Title: Is our Solar System Unique? A Holistic View of Exoplanet Demographics
Abstract: The Kepler and K2 missions blessed the community with a plethora of planet transit detections which enabled studies of exoplanet size demographics. Much of the recent progress in this field is driven by improved characterization of the stellar hosts. Our group recently used precise radius measurements from the California-Kepler Survey (CKS)to detect a gap in the distribution of planet radii. The paucity of planets with sizes between 1.5 and 2.0 Earth radii supports the emerging picture that close-in planets smaller than Neptune are composed of small, rocky cores enveloped by varying amounts of low-density gas that determine their total sizes. This result demonstrated the value of precise and homogeneous stellar parameters. I will discuss implications of the radius distribution and our ongoing and complimentary work to measure the frequency of giant planets orbiting well beyond the snow line. The occurrence of close-in planets from Kepler combined with the latest results from long-baseline radial velocity surveys allow us to construct a comprehensive picture of planetary system architectures spanning three orders of magnitude in orbital separation and planet mass.
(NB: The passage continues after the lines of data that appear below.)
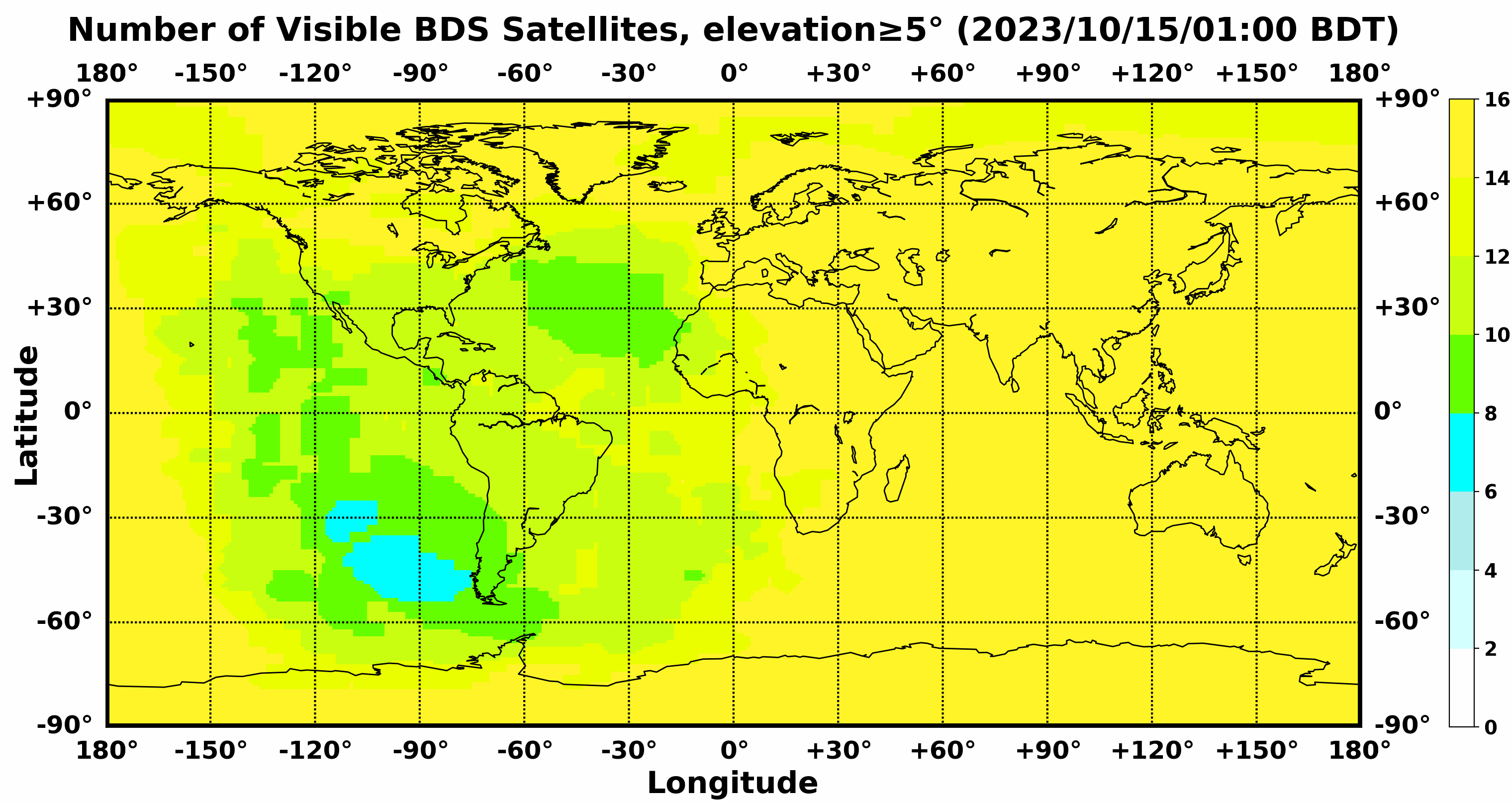 此处显示的是北斗卫星导航系统在全球任意地点可以看到的卫星数目,用不同颜色表示不同数值(颜色与数值的对应情况参见右侧的图例)。
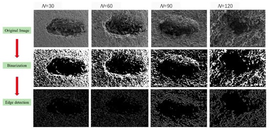 Image processing analysis methods are used to analyze the morphology evolution of anhydrite rock under the freeze–thaw environment further. The image processing processes are as follows: (1) Grayscale image conversion: Converting the original image into an unsigned 8-bit grayscale image with pixels between 0 (black) and 255 (white). (2) Image denoising: Using the median filtering method to denoise the image. Median filtering is the most commonly used filtering method, which is a neighborhood operation that arranges the grayscale values of the image from small to large and uses the median as the output value of pixels to achieve noise reduction in the image, and the filtered image has clear edges. (3) Image binarization: The filtered image is converted into a binary image with pixels of 0 (black)—1 (white). (4) Edge detection: The primary purpose of edge detection is to obtain the range boundaries of pores and cracks in the damaged area. In this paper, the Sobel operator is used for edge detection, and the Sobel operator has good detection results for grayscale images with high noise.
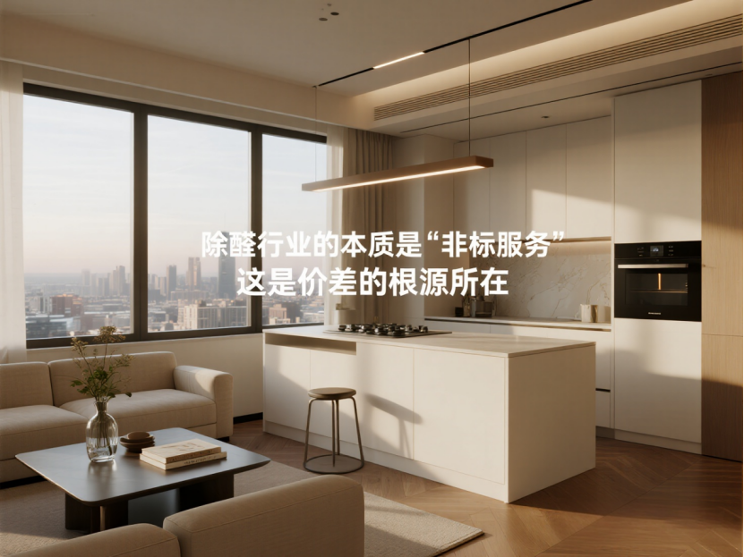 除醛行业的本质是“非标服务”,这是价差的根源所在。不同于汽车、家电等标准化产品,除醛服务的效果无法直观判断,只能通过后续检测验证,且没有统一的产品标准、工艺流程和服务规范。这就导致行业出现了“承诺同质化,服务两极化”的现象——几乎所有公司都宣称“甲醛浓度≤0.08㎎/m³”,但实现承诺的方式和成本却天差地别。
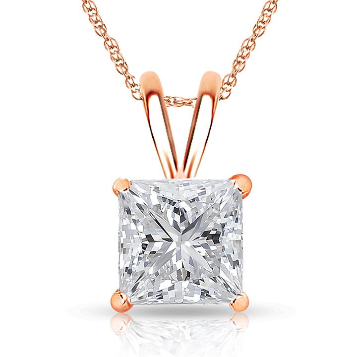 Hand set in New York City with 14k Rose Gold 4 Prong setting. The stone is of 0.18ctw & 2.95mm. All our diamonds are conflict free diamonds. Packaged into a fabulous box for your storing pleasure. Chains are included.
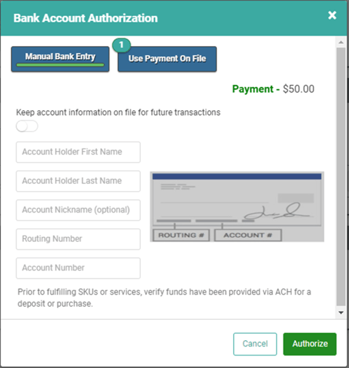 • Use Payment on File: Select one of the cards stored on file for the Customer by clicking Authorize.
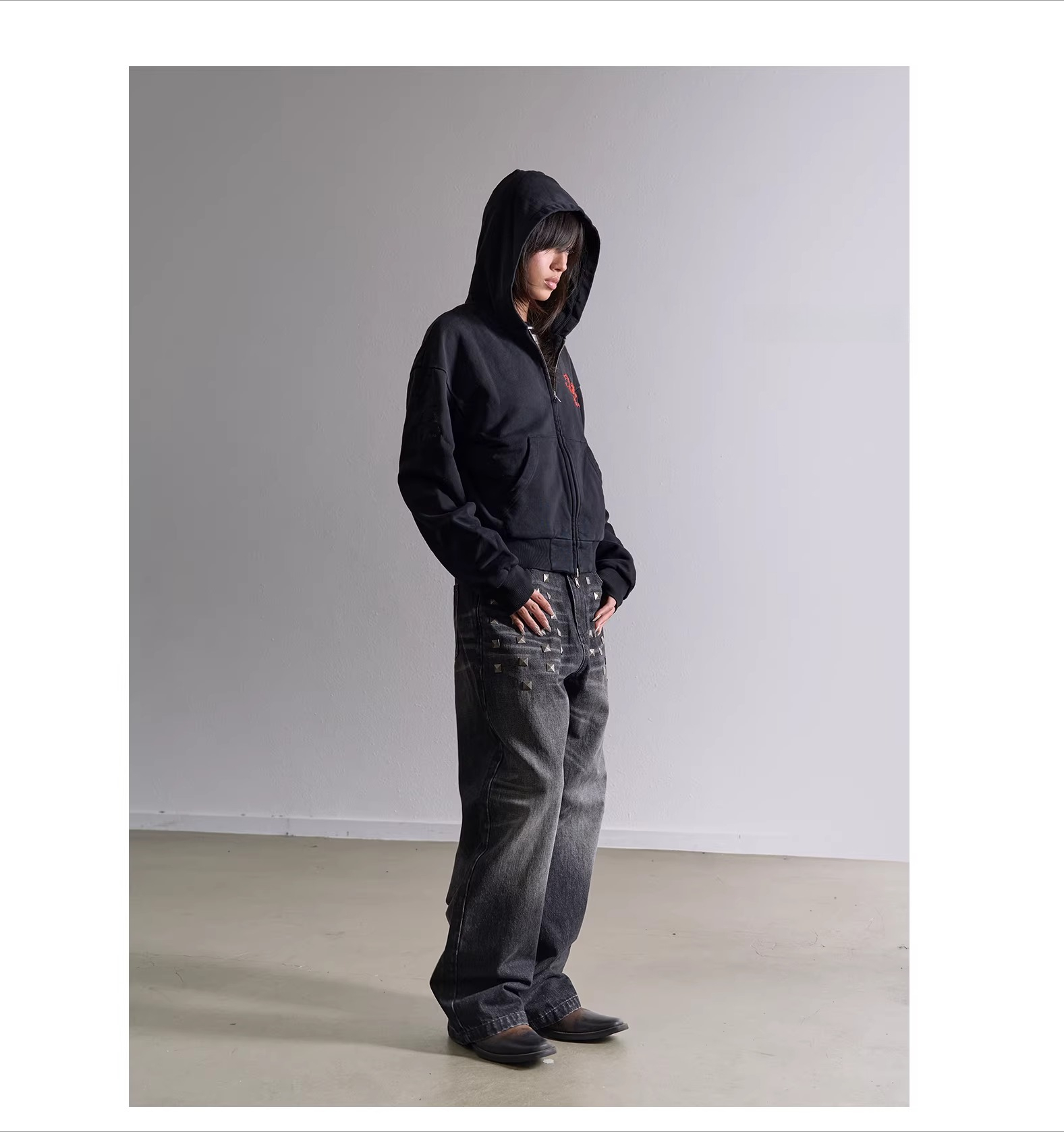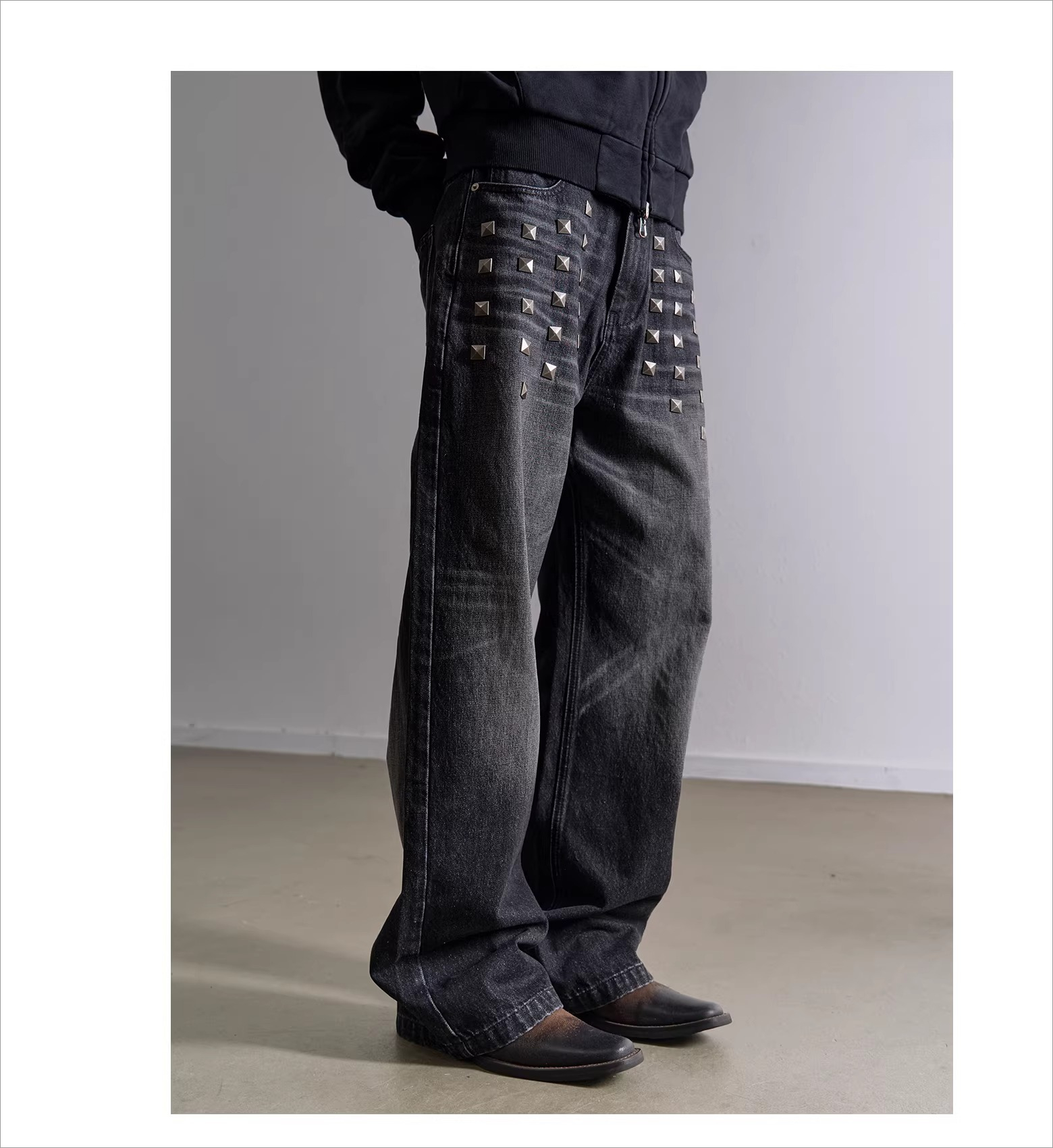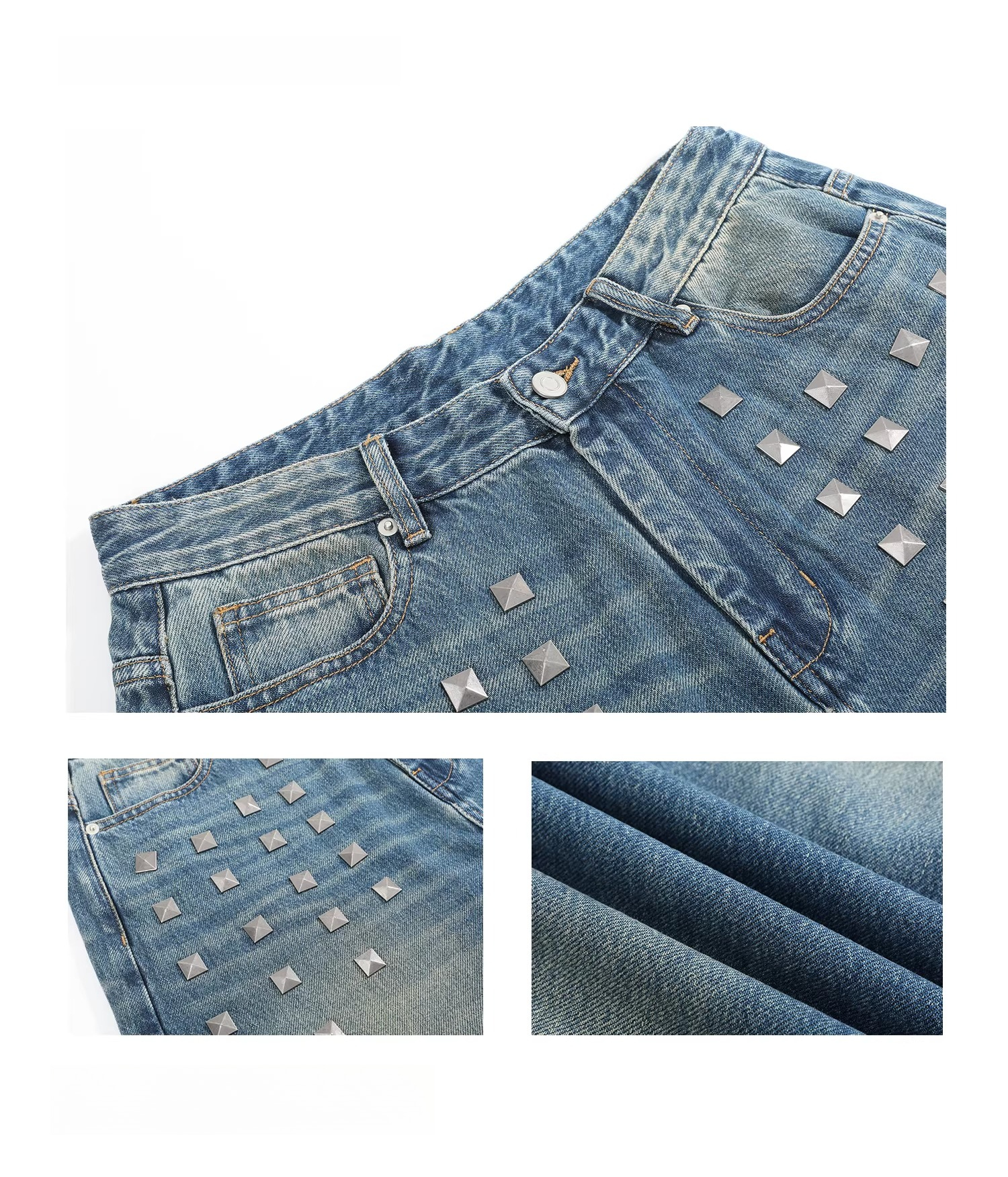 Square Stud Trim Straight Leg Jeans
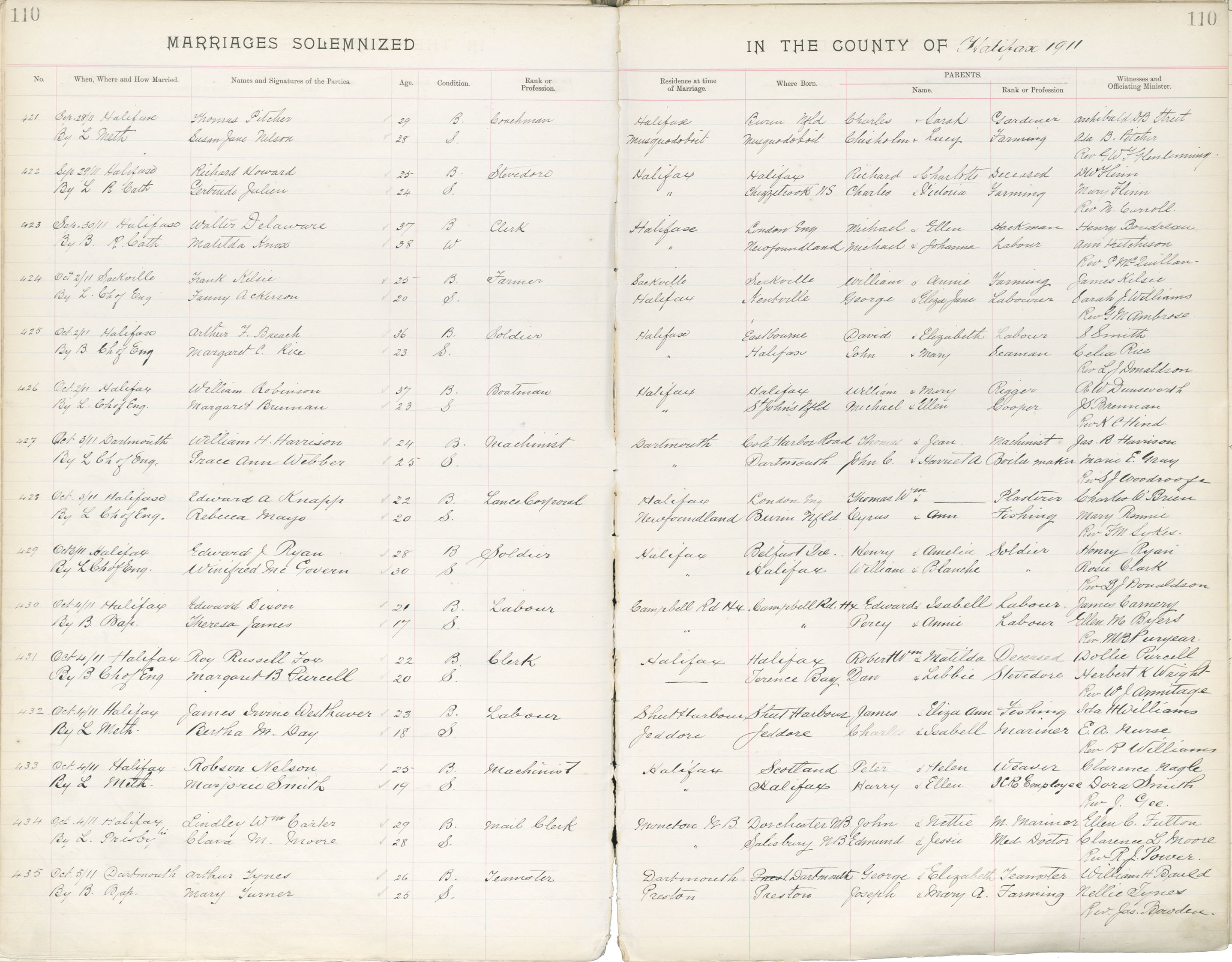 Registration: Year: 1911 book: 1821 page: 110 number: 421
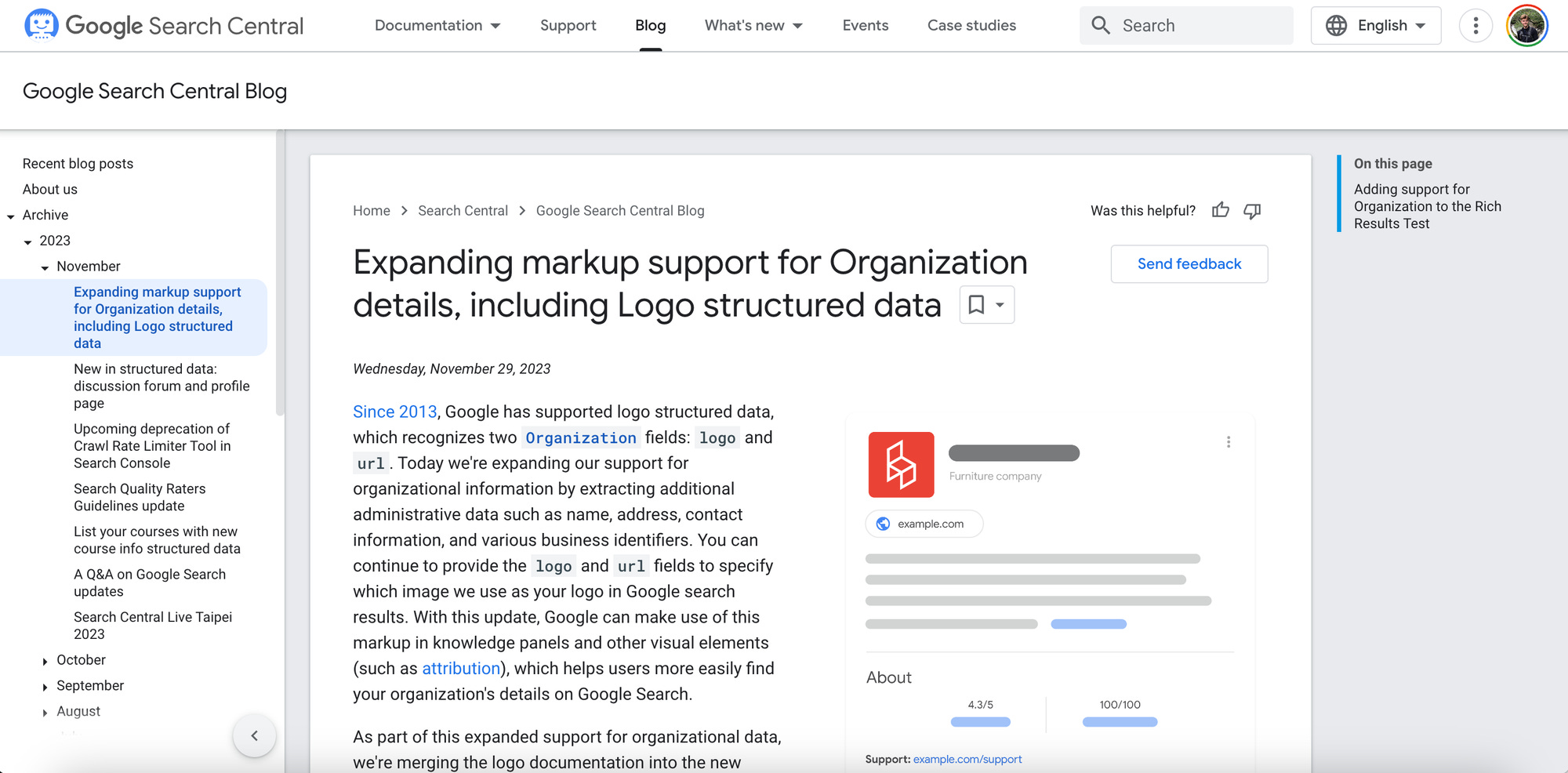 Google has added new Organization Structured Data. In this most recent addition, they’ve added new Organization Structured Data that merges the old logo and URL structured data whilst adding “name, address, contact information, and various business identifiers”.
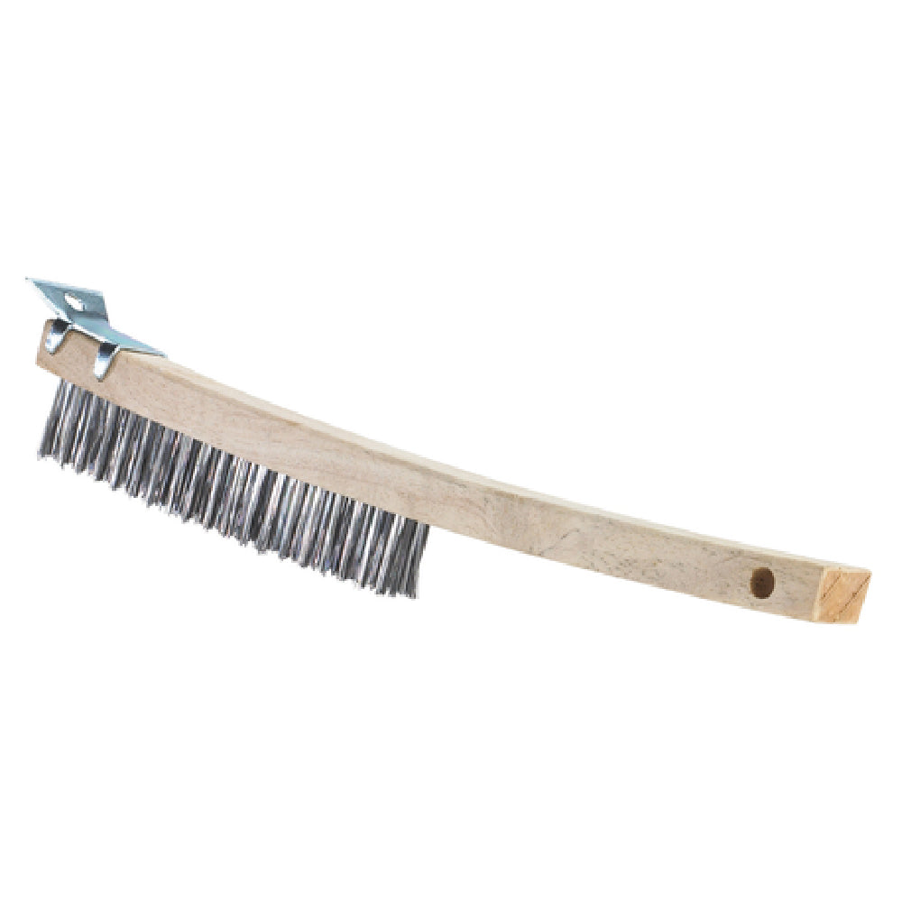 The Browne Foodservice 574260 Brush 14"L is a highly efficient tool designed for precision and durability in food service applications. With a total length of 14 inches, this brush is engineered to provide optimal reach and maneuverability for various cleaning tasks. It features a 3 x 19 configuration of wire bristles, ideal for thorough scrubbing and cleaning, ensuring effective removal of stubborn residues from grill surfaces. The inclusion of a scraper adds another layer of functionality, allowing users to tackle baked-on food with ease, enhancing its utility in both commercial kitchens and food processing environments. The brush is equipped with a wooden handle, offering a comfortable and secure grip, which reduces fatigue during prolonged use. Whether deployed in a bustling restaurant kitchen or a catering service setting, the Browne Foodservice 574260 Brush delivers reliable performance and robust construction. It is specifically tailored to meet the needs of foodservice professionals who require a dependable cleaning tool that combines efficiency with ergonomic design. This brush is a testament to practical design and quality craftsmanship, making it an essential addition to any food service operation's cleaning arsenal.

Short Bio: Professor Fulton is currently a research scientist at the NASA Exoplanet Science Institute (NExSCl) and the NN-EXPLORE project scientist. He obtained M.S. and PhD degrees in astronomy from the University of Hawaii at Manoa and a B.S. in Physics from the University of California, Santa Barbara. He specializes in the detection and characterization of planets orbiting stars other than our sun using Doppler Spectroscopy.